The inability to distinguish stochastic datasets with distinct temporal correlation properties using SampEn creates a problem for researchers and clinicians interested in examining differences in the dynamics of biomechanical variables. There is a greater likelihood of reporting false negatives when experimental conditions or groups are characterized by similar degrees of regularity, even if the underlying dynamics are different. To avoid this, we recommend combining the model-free approach of entropy methods and the model-based approach of ARFIMA modeling to quantify regularity and characterize the temporal correlations producing the observed regularities.

4.4. Normalization of SampEn Estimates

One goal of this paper was to examine the use of a normalization method to increase the interoperability of SampEn estimates obtained from datasets with different lengths. Experimental designs and conditions vary widely depending on the specific research questions, leading to different quantities of data and hyperparameter selections. This makes it hard to compare entropy estimates because the range of possible values is a function of m, $\tau$, and N (Equation (3)).

Because SampEn is bounded, the maximum entropy value can be used to normalize values between 0 and 1. This could, in principle, account for differences in dataset length. Other work has found that SampEn is robust across different dataset lengths [28]. Our results confirm this observation but only for the stationary stochastic processes (α < 1). For the nonstationary processes (α > 1), greater regularity was observed for longer datasets. Coupled with the decreased precision observed for the nonstationary datasets, caution should be taken when applying SampEn to nonstationary data, particularly when datasets have different numbers of observations.
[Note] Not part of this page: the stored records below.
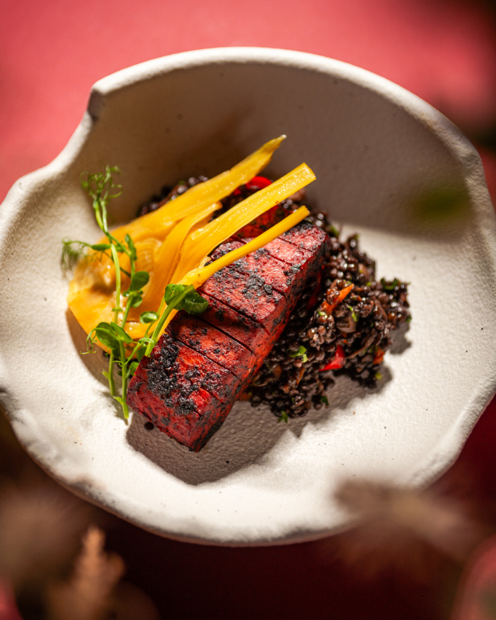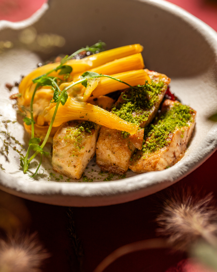- tofu a'la łosoś / czarna soczewica / warzywa / boczniak koper włoski z anyżem i pomarańczą 59 zł
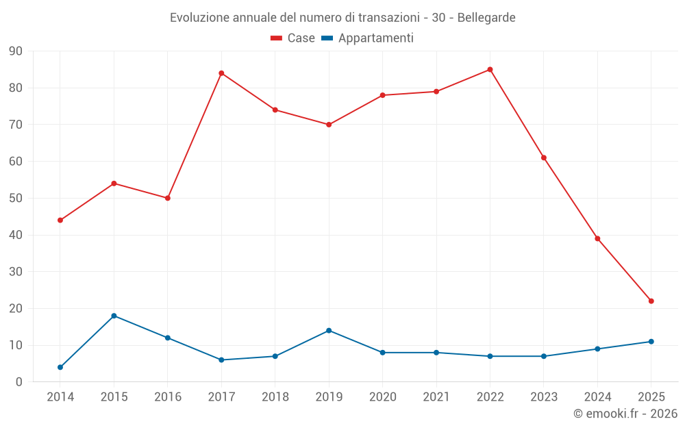 Il prezzo mediano sulle 23 transazioni di appartamenti degli ultimi 24 mesi nel comune di Bellegarde era di 2 225 € al metro quadrato per un valore patrimoniale mediano di 150 000 €. In questo periodo il 60% delle transazioni era tra 1 378 e 2 781 € al metro quadrato (dal 2° all'8° decile).
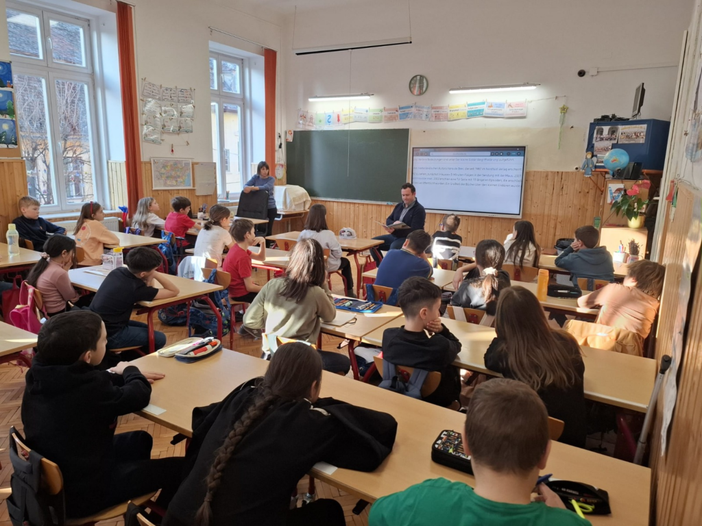 📖 Paul Kuttesch, vicepreședinte, a adus un strop de magie literară copiilor de la Școala Gimnazială nr. 2, Sibiu.
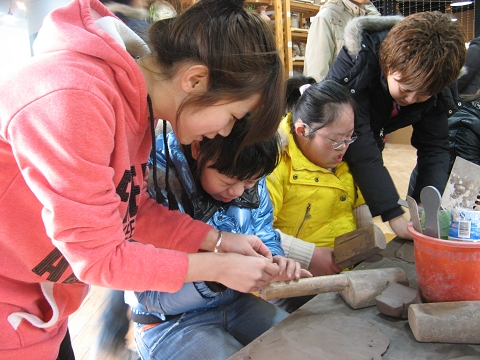 在陶艺坊里,志愿者们在学员旁耐心的手把手地教,手把手的做,使用各种器具对泥块进行敲、捏、刻、揉,发挥出学员们的想象,做出自己喜欢的作品,经过一个半小时的辅导制作,有的学员做了一双小手,有的做了一只杯子,大家都玩得不亦乐乎,在做陶过程中,志愿者们与学员们不断交流、沟通,了解他们的想法,潜移默化中教会了他们一些简单的陶艺制作方法。通过玩陶艺,这些孩子们没有了以前的拘束和胆怯,显得比之前更加从容,做陶玩陶也让孩子们在活动中发现,自己和普通人一样也有快乐的笑容、能干的双手、丰富的内心世界。
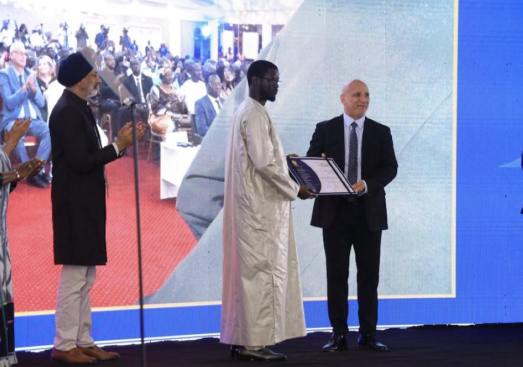 وسلم الرئيس السنغالي باسيرو ديوماي فاي الجائزة إلى البروفيسور حسن الصفريوي، مدير وعضو اللجنة التنفيذية للمؤسسة المغربية للعلوم المتقدمة والإبتكار والبحث العلمي (MAScIR)، خلال حفل إختتام الدورة السابعة لمنتدى “غاليان إفريقيا”، الذي تم تنظيمه خلال الفترة ما بين 22 و25 أكتوبر الجاري بالعاصمة السنغالية.
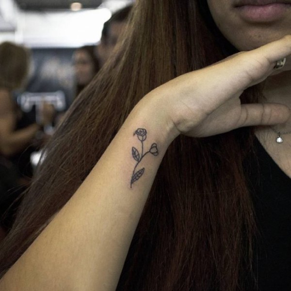 女生手腕上黑灰素描文艺小清新花朵纹身图案
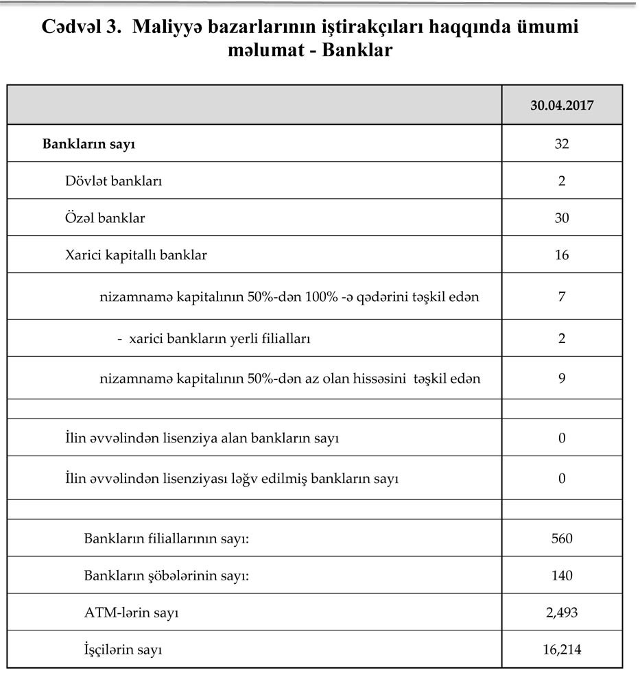 Azərbaycanda fəaliyyət göstərən 32 bankın 30 aprel 2017-ci il tarixinə cəmi aktivləri 30 milyard 779.2 milyon manat, cəmi öhdəlikləri 28 milyard 31.6 milyon manat təşkil etmişdir.
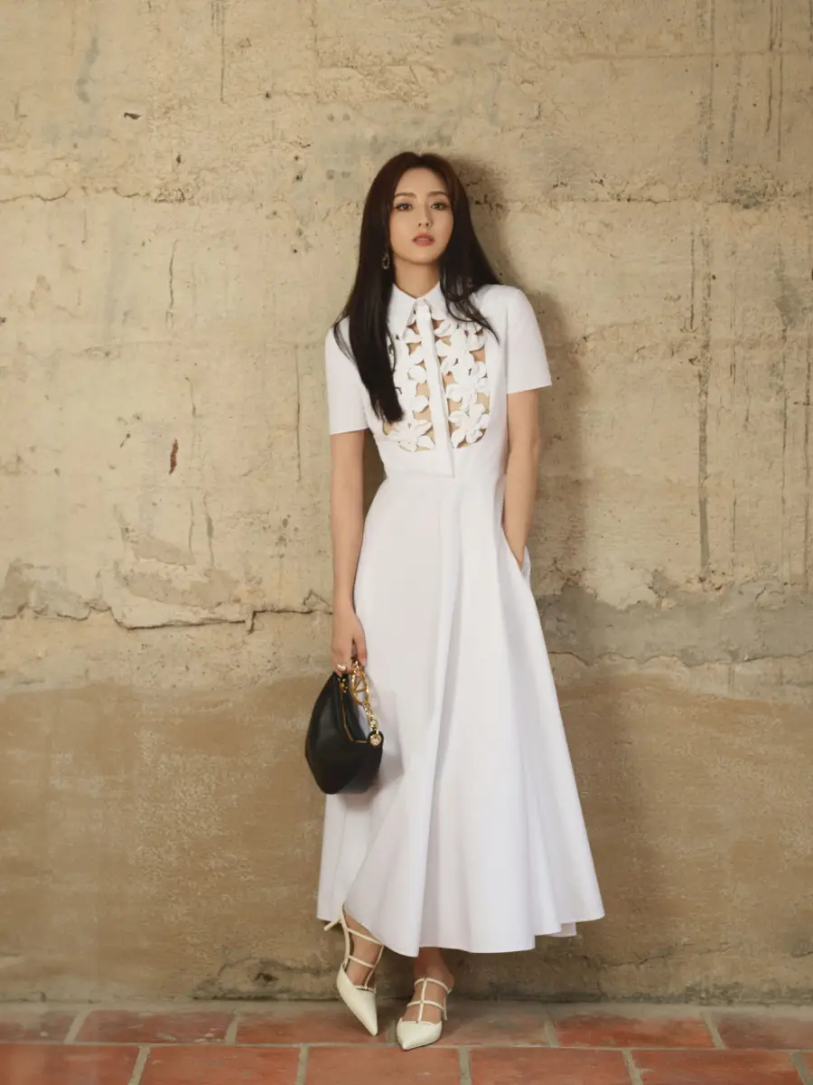 佟麗婭身穿白色鏤空初戀裙 搭配大耳飾張揚(yáng)迷人
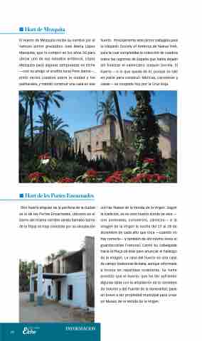 con las fiestas de la Venida de la Virgen. Según la tradición, es en este huerto donde se vela — con serenatas, conciertos, cánticos— a la imagen de la Virgen la noche del 27 al 28 de diciembre de cada año que toca —cuando no hay romería— y también de ahí mismo inicia el guardacostas Francesc Cantó su cabalgada hacia la Plaça de Baix para anunciar el hallazgo de la imagen. La casa del huerto es una casa de campo tradicional ilicitana, aunque reformada a trozos en repetidas ocasiones. Se tiene previsto que el huerto, que ha ido sufriendo algunas talas con la ampliación de la carretera de Dolores y del Puente de la Generalitat, pase en breve a ser propiedad municipal para crear un Museo de la Venida de la Virgen.
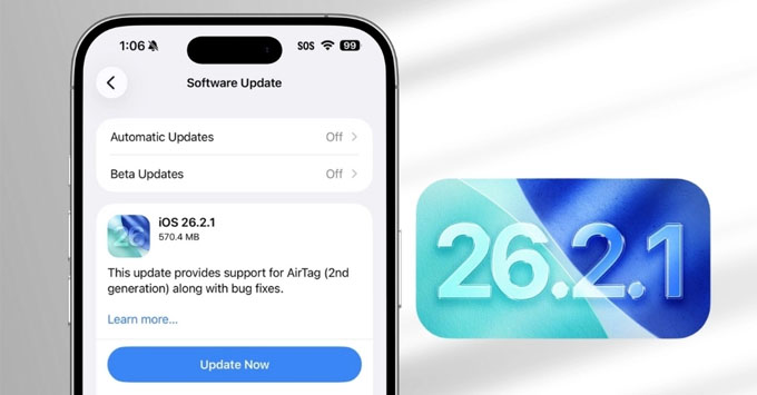 Apple đã chính thức phát hành iOS 26.2.1 vào ngày 26 tháng 1, hỗ trợ cho tất cả các iPhone tương thích với iOS 26. Bản cập nhật này được thiết kế chủ yếu để bổ sung khả năng hỗ trợ cho thiết bị theo dõi vật dụng thế hệ mới AirTag 2 với tính năng Tìm kiếm Chính xác được cải tiến. Ngoài ra, bản cập nhật cũng hứa hẹn khắc phục một số lỗi tồn tại từ các phiên bản trước.
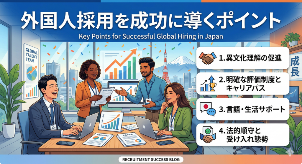 外国人採用は、企業の深刻な人手不足を解消し、組織に新しい価値観をもたらす素晴らしい手段です。正しい知識を持ち、適正な管理と温かいサポート体制を両立させることで、企業と外国人従業員が共に成長できる環境を築いていきましょう。
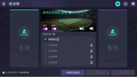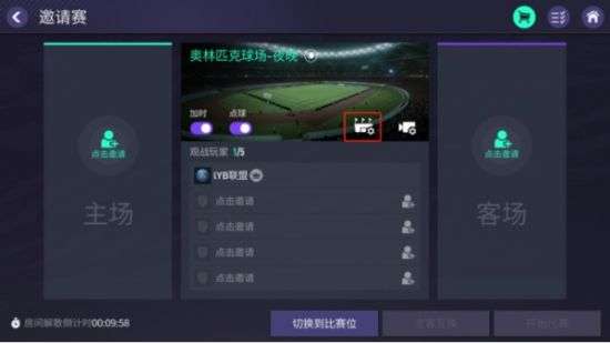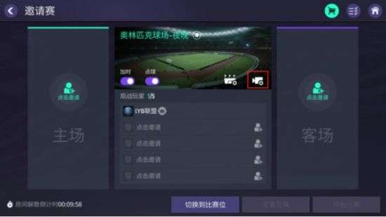 邀请者玩家可以点击点球按钮右侧的球场切换按钮,自由更换比赛球场。

One rationale for applying normalization is to increase interoperability. There are multiple ways to increase interoperability, including data transparency, method sensitivity, and parameter normalization. While parameter normalization was not appropriate for stochastic datasets, other opportunities remain. First, studies applying entropy methods should report hyperparameter values and how those values were selected. Second, unless there are restrictions from funding sources or other substantial barriers, researchers can make datasets and analysis routines publicly available, which was performed for this paper (see Data Availability Statement). Third, normalization may be plausible when working with experimental datasets characterized by a mixture of deterministic and stochastic components where hyperparameter selection can be guided by techniques adopted from phase space reconstruction, such as average mutual information [61] and false nearest neighbors [70]. This should be explored in future work.

5. Conclusions

In summary, this paper has highlighted considerations when applying entropy, specifically SampEn, to stochastic datasets with a range of temporal correlations, which are representative of biomechanical variables. We demonstrated the use of ARFIMA modeling for estimating temporal correlation properties and classifying stochastic datasets as stationary or nonstationary. We then leveraged ARFIMA modeling to improve the effectiveness of data cleaning procedures to mitigate the influence of outliers on SampEn estimates. We also emphasized the limitations of SampEn in distinguishing among stochastic datasets, leading to the suggested use of complementary measures to obtain a more comprehensive understanding of behavioral dynamics. Finally, we demonstrated that the parameter normalization method is not an effective procedure for increasing the interoperability of SampEn estimates for the entirely stochastic datasets examined here.